FormatPostingsPositionsConsumer FormatPostingsDocsWriter.addDoc(int docID, int termDocFreq) {

    final int delta = docID - lastDocID;

    //当文档数量达到skipInterval倍数的时候,添加跳表项。

    if ((++df % skipInterval) == 0) {

      skipListWriter.setSkipData(lastDocID, storePayloads, posWriter.lastPayloadLength);

      skipListWriter.bufferSkip(df);

   }

   lastDocID = docID;

   if (omitTermFreqAndPositions)

     out.writeVInt(delta);

   else if (1 == termDocFreq)

     out.writeVInt((delta<<1) | 1);

   else {

     //写入文档号及词频信息。

     out.writeVInt(delta<<1);

     out.writeVInt(termDocFreq);

   }

   return posWriter;

}

(2-3-3) 添加位置信息:

FormatPostingsPositionsWriter.addPosition(int position, byte[] payload, int payloadOffset, int payloadLength) {

    final int delta = position - lastPosition;

    lastPosition = position;

    if (storePayloads) {

        //保存位置及payload信息

        if (payloadLength != lastPayloadLength) {

            lastPayloadLength = payloadLength;

            out.writeVInt((delta<<1)|1);

            out.writeVInt(payloadLength);

        } else

            out.writeVInt(delta << 1);

            if (payloadLength > 0)

                out.writeBytes(payload, payloadLength);

    } else

        out.writeVInt(delta);

}

(2-4) 将跳表和词典(tii, tis)写入文件

FormatPostingsDocsWriter.finish() {

//将跳表缓存写入文件

    long skipPointer = skipListWriter.writeSkip(out);

    if (df > 0) {

//将词典(terminfo)写入tii,tis文件

      parent.termsOut(TermInfosWriter).add(fieldInfo.number, utf8.result, utf8.length, termInfo);

    }

  }

将跳表缓存写入文件:

DefaultSkipListWriter(MultiLevelSkipListWriter).writeSkip(IndexOutput)  {

    long skipPointer = output.getFilePointer();

    if (skipBuffer == null || skipBuffer.length == 0) return skipPointer;

    //正如我们在索引文件格式中分析的那样, 高层在前,低层在后,除最低层外,其他的层都有长度保存。

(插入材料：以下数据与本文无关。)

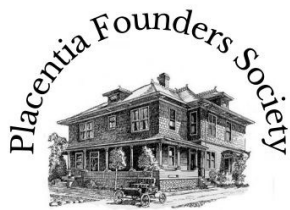
The Bradford House

136 Palm Circle Placentia, CA 92870 Phone: 714-993-2470 E-mail: bradfordhse@yahoo.com www.bradfordhouse.org
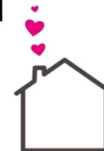
Illustration for identification purposes only, measurements are approximate, not to scale. Fourlabs.co © (ID1264404)

home sweet home estate agents your local property experts
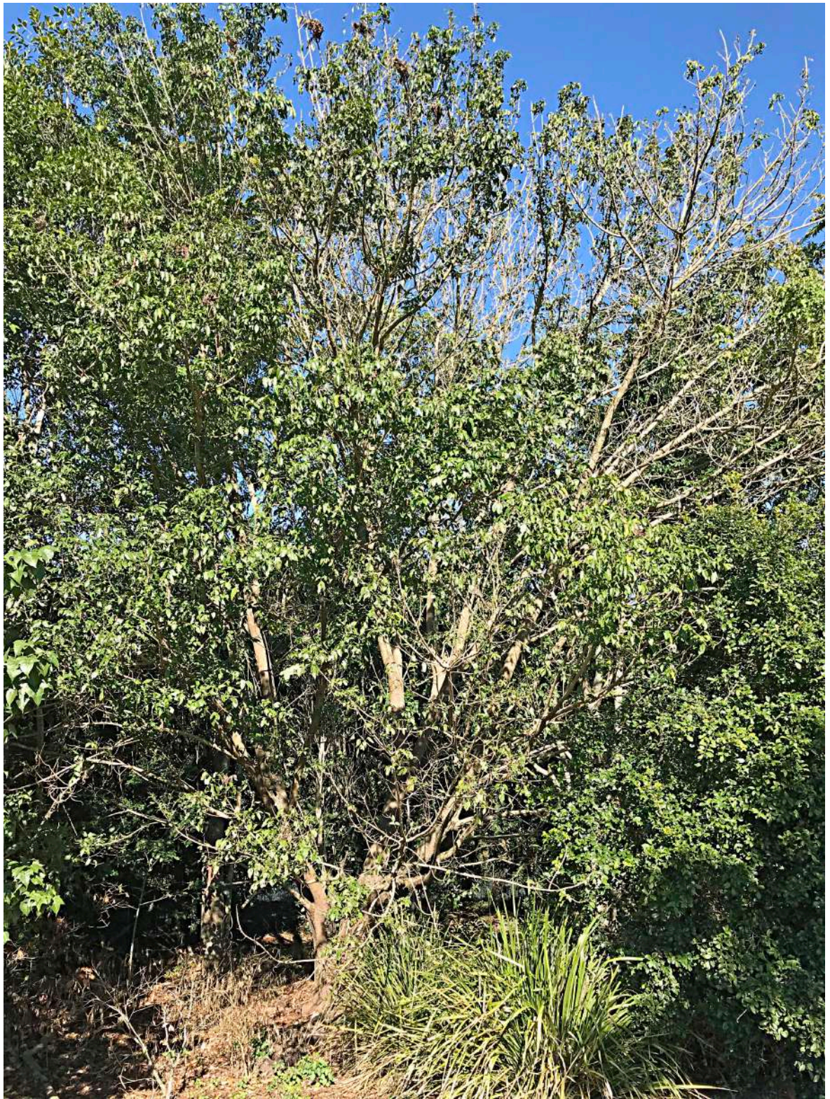
Coogera ( Arytera divaricata ) A young tree planted on the LHS of Red 1 fairway, near the approach to the green.
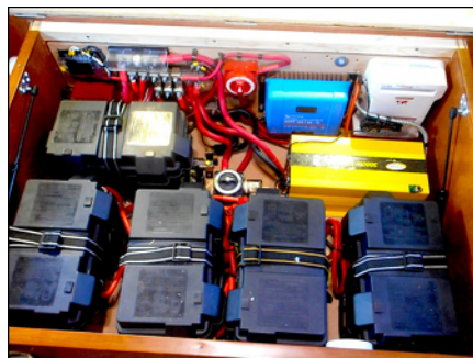
Installing batteries, chargers, solar controller, & inverter UNDER OUR BED
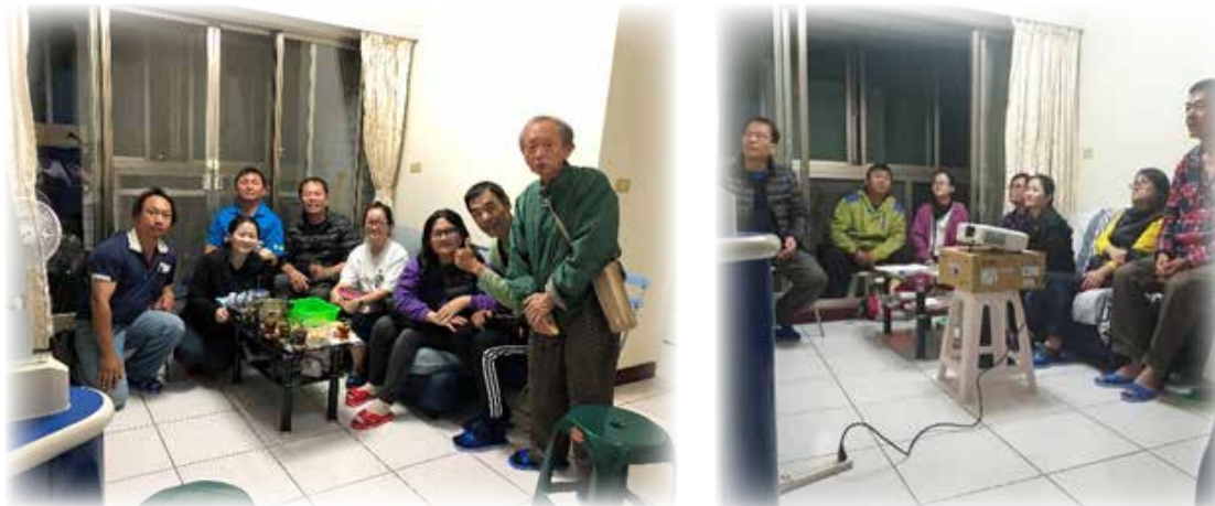
Evening Bible study at our apartment.

God has prepared everything for us to serve Him in Taichung among this group of deaf brethren. We managed to get our resident visa in July 2018. In addition, the Lord provided us with an apartment to stay in and touched the landlord to charge us with a very low rental cost. The place was in a good location and easily accessible for the deaf brethren to come to our house for evening Bible study after their work.
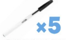
Five black or blue ballpoint pens (no gel ink); secure together with a rubber band
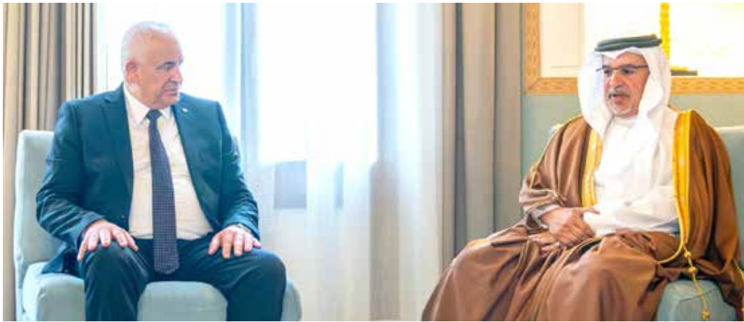
HRH Prince Salman receives H.E. Ziad Mahmoud Hab Al-Reeh and an accompanying delegation

HRH Prince Salman bin Hamad highlighted the longstanding ties between Bahrain and Pales-
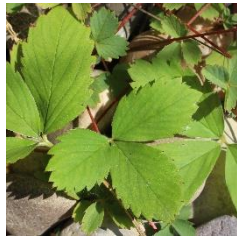
Wild Strawberry Fragaria virginiana Basal · 5 – 25cm L3 – 20cm; compound
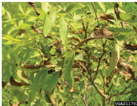
Figure 16. Pecan bacterial leaf scorch.

Iron deficiency differs from N deficiency in that the yellowing occurs primarily between the leaf veins, with the veins retaining a green color (“interveinal chlorosis”; Figure 17). Leaves with severe Fe chlorosis may be very light, almost white, in color. Iron chlorosis is most prevalent in pecan orchards with very high soil bicarbonate levels or poorly drained, waterlogged soils. Often, within affected pecan orchards, only a few scattered trees will display Fe deficiency symptoms, and on affected trees the severity of Fe chlorosis typically varies dramatically among branches in the same canopy. Iron
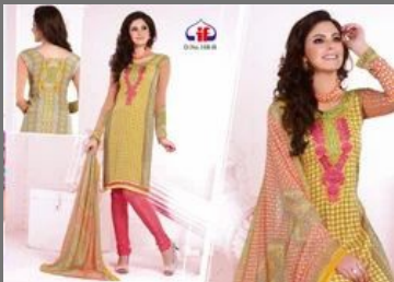
Designers Suit Dupatta
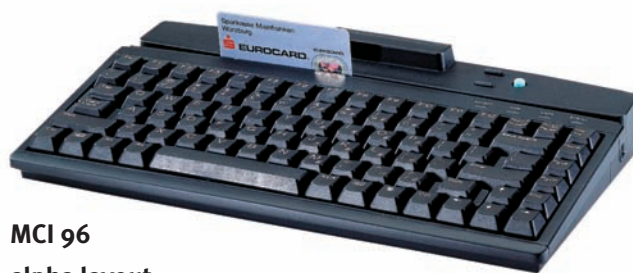
MCI 96 alpha layout
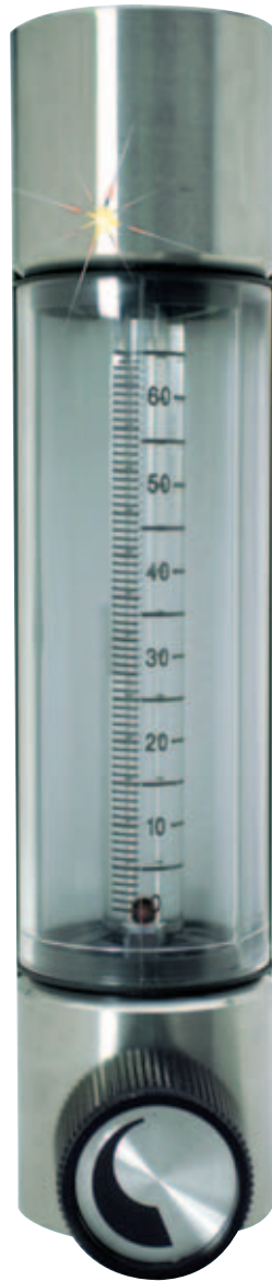
FL-5411G Series flowmeter, $234, basic model, shown actual size.
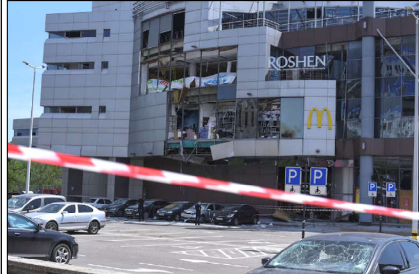
Police officers work at a site of a shopping mall damaged during Russian missile and drone strikes, amid Russia's attack on Ukraine.

Monitoring Desk MOSCOW: Authorities in Russia's mostly-Muslim North Caucasus region of Dagestan on Wednesday temporarily banned women from wearing the niqab, after simultaneous attacks targeting churches and synagogues killed 22 last month. In a statement posted on the Telegram messenger app, the Dagestan Muftiate said it was introducing a "temporary" ban on the niqab after an appeal from Russia's ministry of nationality policy and religious affairs. Reports following the attacks on June 23 said one of the gunmen had planned to escape wearing a niqab. The muftiate, a religious organisation representing Dagestani Muslims, said that the ban would remain in place "until the identified threats are eliminated and a new theological conclusion is reached". The niqab gained some popularity in Dagestan amid an Islamic revival in the region that followed the collapse of the Soviet Union in 1991.
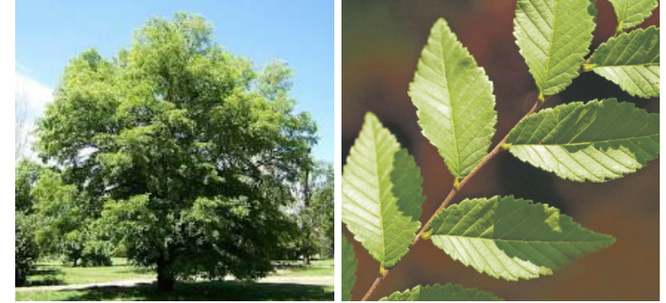
Siberian elm and a close-up of its leaves

before they become large. Russian olive, salt cedar/tamarisk, Siberian/Chinese elms, Tree of Heaven, and even Ponderosa pines and cottonwoods are all considered problem trees by some lists, as they grow and spread quickly. On the positive side, in the right spot and well managed they provide great can shade—like the cottonwoods in Silver Cloud Park. Out of control, you get root problems or tree thickets you can't even walk through. See: smithsonianmag.com/ science-nature/how-wecreated-monster-american-southwest-180956878
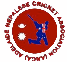
Adelaide Nepalese Cricket Association
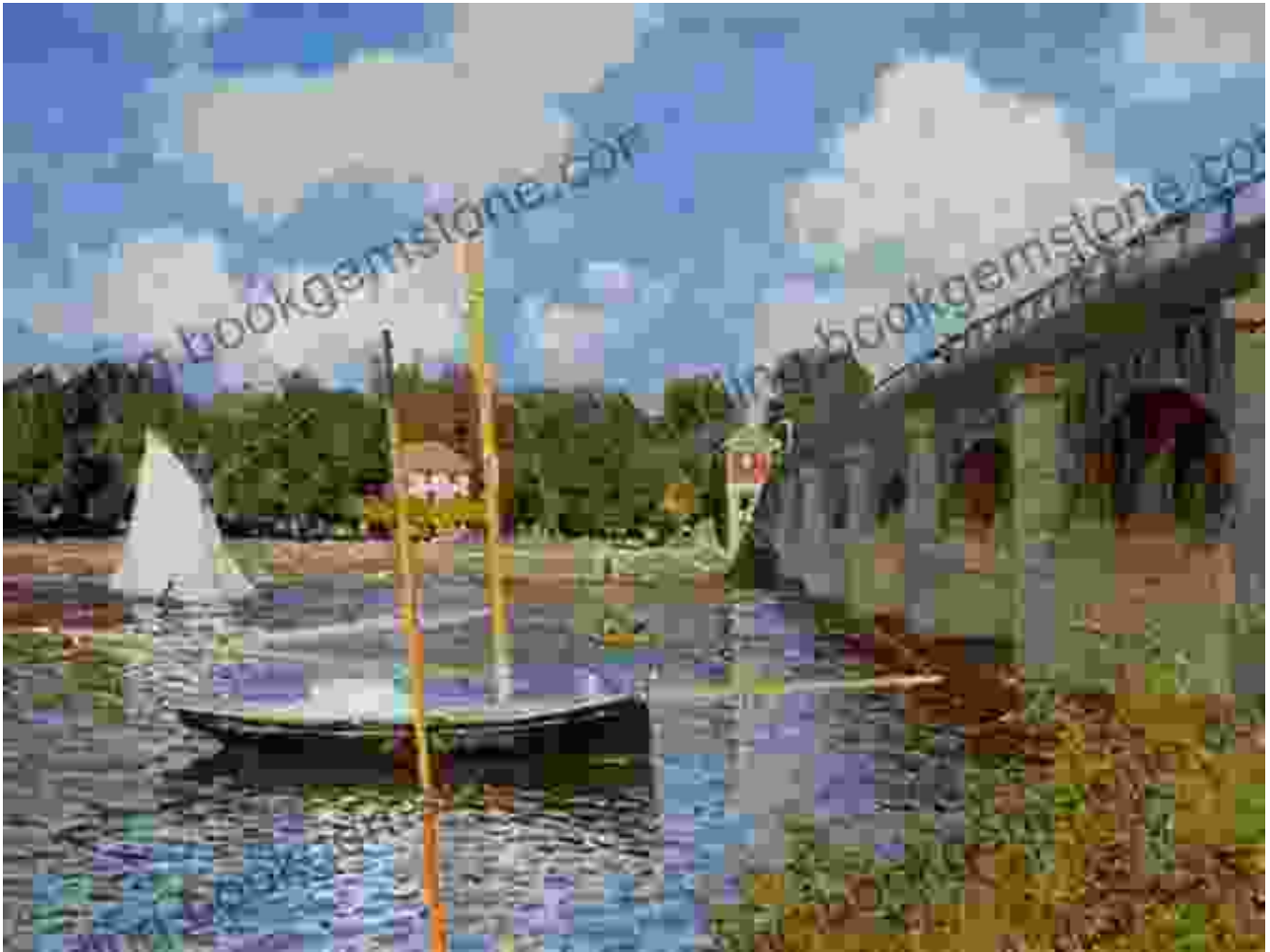
Claude Monet, 'The Bridge at Argenteuil,' 1874, oil on canvas, 60 x 81 cm, Musée Marmottan Monet, Paris

'The Bridge at Argenteuil' showcases Monet's fascination with bridges as architectural subjects. The painting depicts a railway bridge spanning the Seine River in Argenteuil. Monet captures the play of light and shadow on the bridge's structure, creating a sense of depth and solidity. The painting
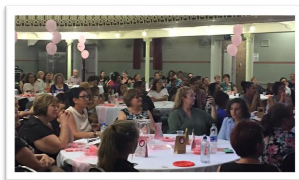
International Womens' Day-10 March 2016 #PledgeForParity Boulder Town Hall
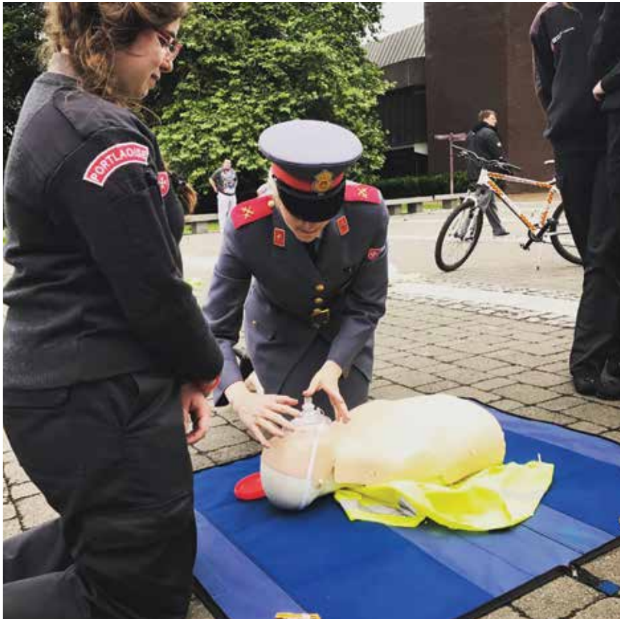
Order of Malta's Chief Medical Officer demonstrates CPR during a training day for cadets.

respond when the chief pharmacist in some hospitals needed medicines delivered to vulnerable people around the country. Those vulnerable people included not just the elderly, but people living with HIV, tuberculosis and cancer."
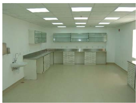
2007 Constructed Facility
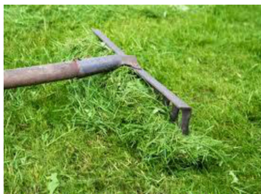
Fig. 5: Grass clippings

speed, should be used to lessen these problems (Patil et al. , 2013). It can be made at home by composting shredded leaves. Leaf mulch (shown in Fig 4) can be used in all types of gardens. Leaves infected with disease should be disposed instead of composting (Telkar et al. , 2017). Proper thickness of the leaf mulching is about 3 to 4 inches (Ranjan et al. , 2017).
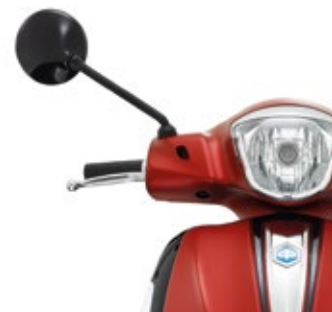
BLACK REAR VIEW MIRRORS
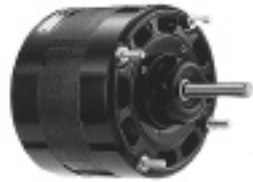
44, 46, 48, 50, 472
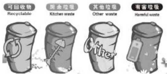
rubbish sorting system

About 350 communities have carried out this smart system in Beijing. The capital of China has joined a list of cities in the country that take action to support rubbish sorting. For example, Shenzhen and Shanghai have made laws to punish people and organizations for not sorting rubbish correctly.
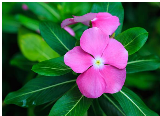
Fig 1: Vinca plant

vinca alkaloids are a material of a class of hydrocarbons which are combined with carbon, hydrogen, nitrogen and oxygen. Vinca alkaloids are earned from Madagascar periwinkle plant. They are surprisingly meterialize or artificial or cellular nitrogenous bases evoke from pink periwinkle plant catharanthus roseus G. Don. Vinca alkaloids are used to cure diabetes, high blood pressure. Vinca alkaloids are cancer fighters [3, 4, 5, 6, 7].
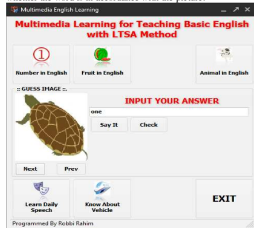
Fig.3: Animal in English

Figure 2 is a view of knowing the word in English and there is Say It facility to pronounce the word in English and check to check whether the word is in accordance with the picture.
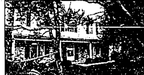
LARGE CORNER LOT in great family neighborhood. Neutral decor. Nice patio overlooking landscaped yard. Large breakfast room plus separate dining room great for entertaining. 3 bedrooms. $86,900. (651-5500) B12915

    for (int level = numberOfSkipLevels - 1; level > 0; level--) {

      long length = skipBuffer[level].getFilePointer();

      if (length > 0) {

        output.writeVLong(length);

        skipBuffer[level].writeTo(output);

      }

    }

    //写入最低层

    skipBuffer[0].writeTo(output);

    return skipPointer;

  }

将词典(terminfo)写入tii,tis文件:

  • tii文件是tis文件的类似跳表的东西,是在tis文件中每隔indexInterval个词提取出一个词放在tii文件中,以便很快的查找到词。
  • 因而TermInfosWriter类型中有一个成员变量other也是TermInfosWriter类型的,还有一个成员变量isIndex来表示此对象是用来写tii文件的还是用来写tis文件的。
  • 如果一个TermInfosWriter对象的isIndex=false则,它是用来写tis文件的,它的other指向的是用来写tii文件的TermInfosWriter对象
  • 如果一个TermInfosWriter对象的isIndex=true则,它是用来写tii文件的,它的other指向的是用来写tis文件的TermInfosWriter对象

TermInfosWriter.add (int fieldNumber, byte[] termBytes, int termBytesLength, TermInfo ti) {

    //如果词的总数是indexInterval的倍数,则应该写入tii文件

    if (!isIndex && size % indexInterval == 0)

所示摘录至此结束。